Kickoff summer at the FREE inaugural Big Marsh Arts Festival, a family-focused event to celebrate local art and artists and recognize several recent art installations at Big Marsh Park. Guests are invited to participate in workshops and activities (pre-registration may be required), explore the park, bike, hike, and picnic and bring a bike or rent one here. The newly opened Nature Trail Café will feature summer sandwiches, wraps, and drinks.
*Weather permitting, most of the festival will take place outside, with the potential to hold a class or demonstration inside the Ford Calumet Environmental Center.
Event Details
C2ST will be under the Pavilion outside the Ford Calumet Environmental Center with Masa and Corn: From Mexico to the World (Art, Culture, and Science of Food). Families will use three ingredients, masa powder, salt, and water, to form a dough and make tortillas/sopes into shapes that resemble what they imagine/feel when engaging with the corn.

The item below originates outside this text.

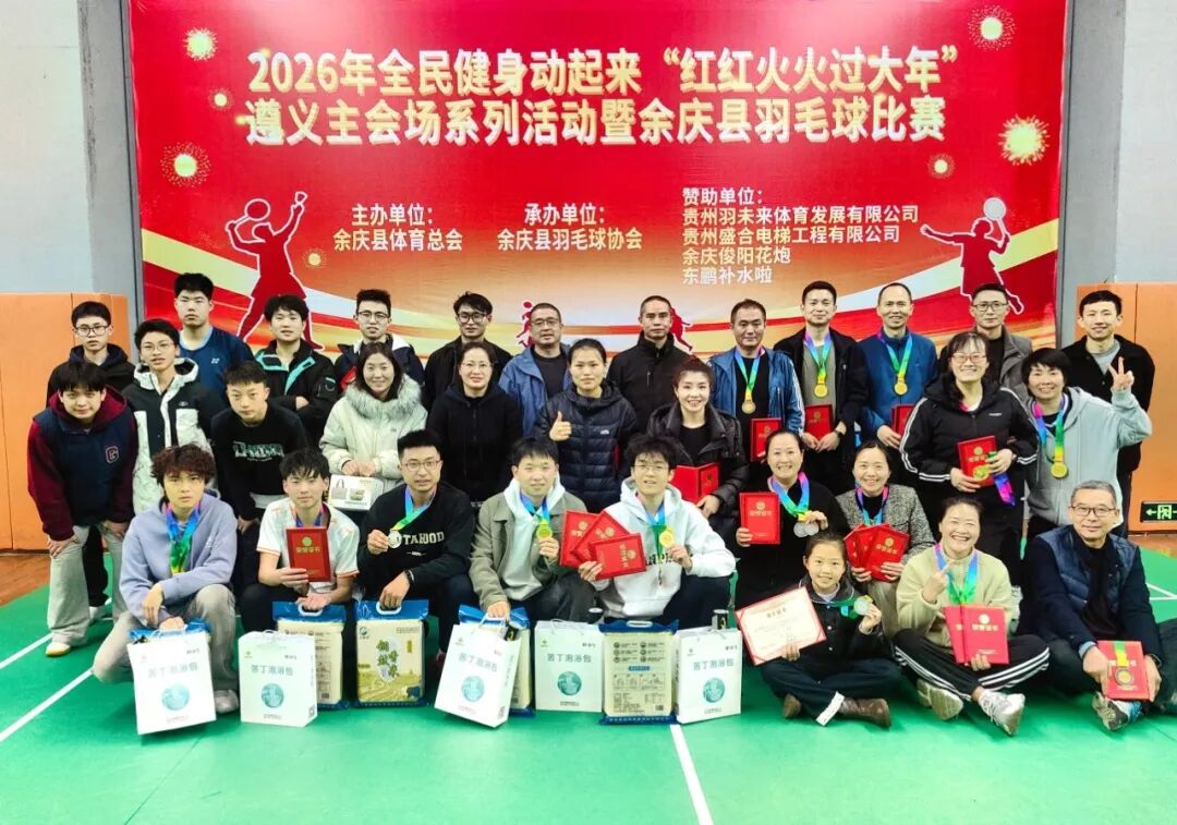2月25日至26日,2026年全民健身动起来“红红火火过大年”遵义主会场系列活动暨余庆县羽毛球比赛成功举办,吸引了全县各年龄段羽毛球爱好者踊跃参与。

What is corn? Corn is a tall annual cereal grass (Zea mays) widely grown for its large elongated ears of starchy seeds. The seeds, also known as corn, are used as food for humans and livestock and as a source of biofuel and can be processed into a wide range of useful chemicals.
Maize represents traditional knowledge, identities, songs, and the protection of Mother Earth, and it needs to be protected against many threats that have intensified in the last decades.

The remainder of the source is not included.